'''

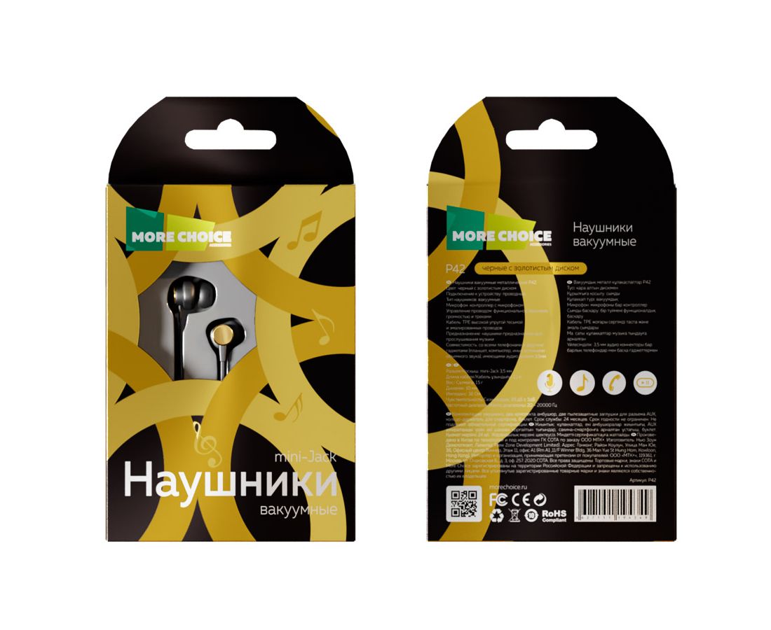Наушники вакуумные AUX разъём с МК без рег.громкости длина 1.2м More choice P42 (Black Gold)
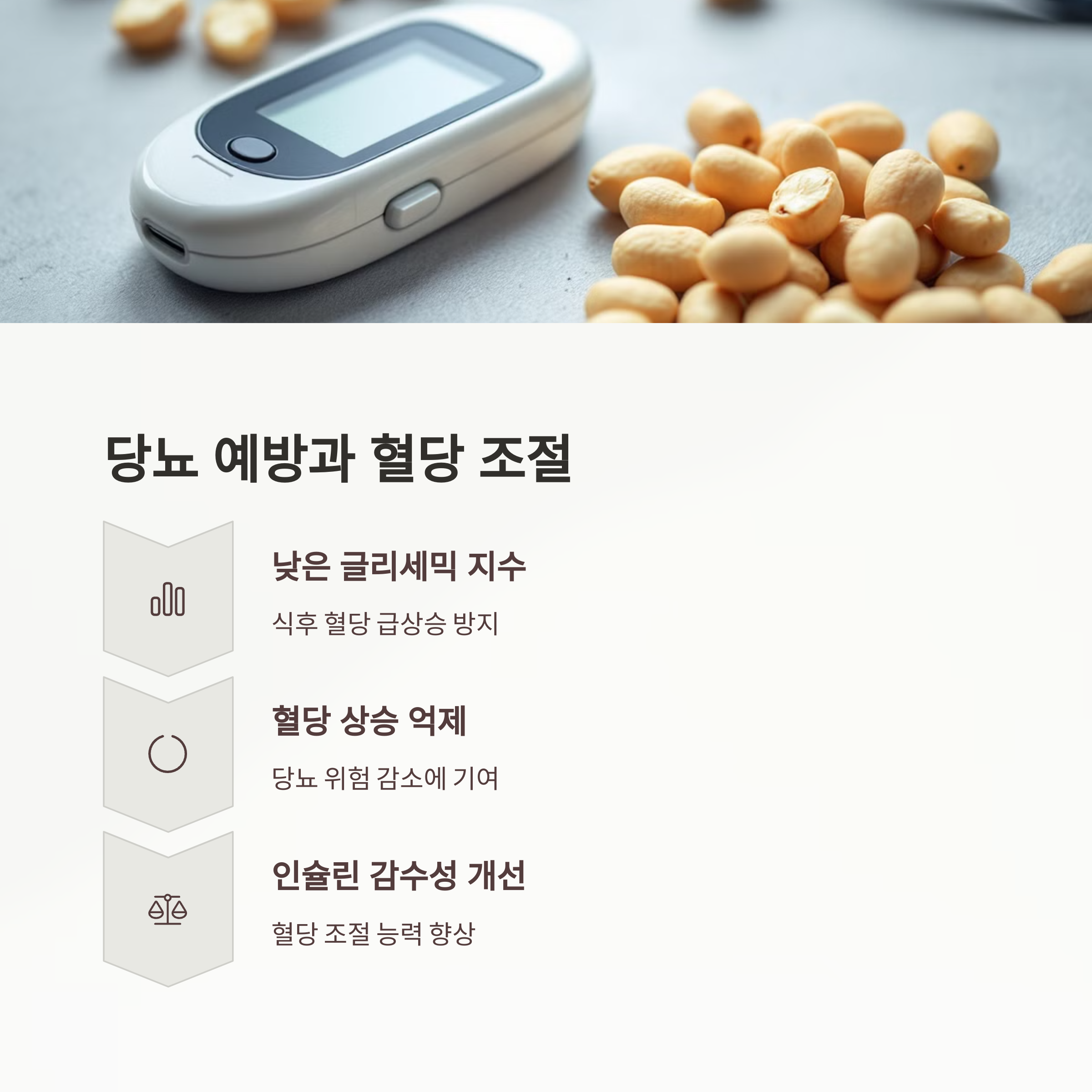 땅콩은 글리세믹 지수가 낮은 식품으로 혈당 상승을 억제하는 효과가 있습니다[2]. 인슐린의 항상성을 개선하는 효능이 있어 당뇨병 예방과 개선에 도움을 줍니다[5]. 식후에 땅콩을 조금씩 섭취하면 혈당 관리에 효과적이죠.
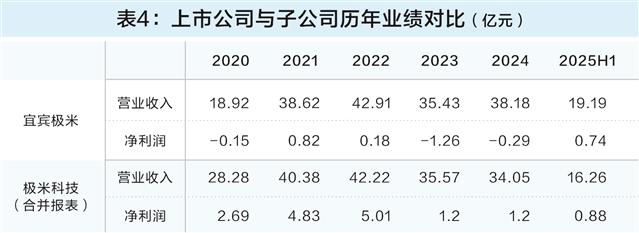 值得关注的是,作为全资子公司的宜宾极米,其营业收入经常性高于极米科技合并报表层面的营收。2022年宜宾极米营收比极米科技高出近7000万元;2024年,这一差距扩大至4亿元;2025年上半年,极米科技合并报表营收为16.26亿元,而宜宾极米实现营业收入19.19亿元,比上市公司高出近3亿元(表4)。
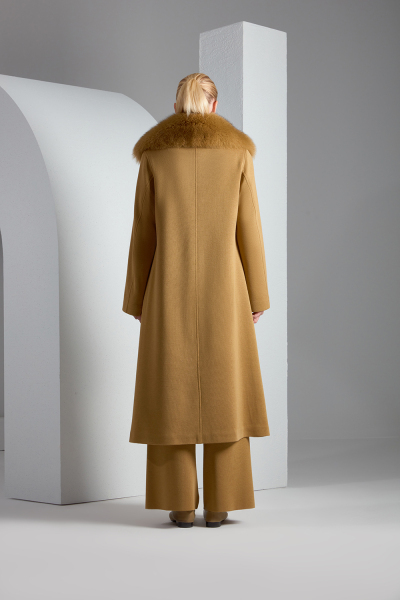 T23K-8007 Kürk Yaka Uzun Triko Manto DACIA-OLİVE

'''

Task to complete: Starting with the opening line of the listing, write out each line exactly until the line that contains "땅콩은 글리세믹 지수가" has been included; skip the pictures.

Written solution:
Наушники вакуумные AUX разъём с МК без рег.громкости длина 1.2м More choice P42 (Black Gold)
 땅콩은 글리세믹 지수가 낮은 식품으로 혈당 상승을 억제하는 효과가 있습니다[2]. 인슐린의 항상성을 개선하는 효능이 있어 당뇨병 예방과 개선에 도움을 줍니다[5]. 식후에 땅콩을 조금씩 섭취하면 혈당 관리에 효과적이죠.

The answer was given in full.